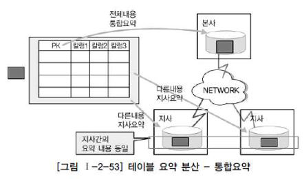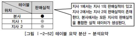 위 그림에서 보면, 테이블에 있는 모든 칼럼과 로우가 지사에도 동일하게 존재하지만 각 지사에는 타 지사와 다른 요약정보를 가지고 있고, 본사에는 각 지사의 요약정보에 대한 데이터를 같은 위치에 두는 것으로 통합하여 전체에 대한 요약 정보를 가지고있는 것으로 표시된다.
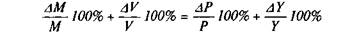 Уравнение обмена может быть представлено в темповой записи (для небольших изменений входящих в него величин):
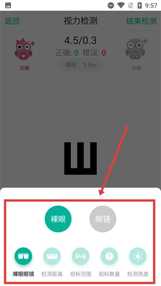 4、在设置界面中,可选择【裸眼】或【眼镜】检测模式,还能调整【检测距离】【视标范围】等参数。
# # #
- _What needs to be done_: Retype each line above exactly. Leave the images out.

- _Finished task_:
 위 그림에서 보면, 테이블에 있는 모든 칼럼과 로우가 지사에도 동일하게 존재하지만 각 지사에는 타 지사와 다른 요약정보를 가지고 있고, 본사에는 각 지사의 요약정보에 대한 데이터를 같은 위치에 두는 것으로 통합하여 전체에 대한 요약 정보를 가지고있는 것으로 표시된다.
 Уравнение обмена может быть представлено в темповой записи (для небольших изменений входящих в него величин):
 4、在设置界面中,可选择【裸眼】或【眼镜】检测模式,还能调整【检测距离】【视标范围】等参数。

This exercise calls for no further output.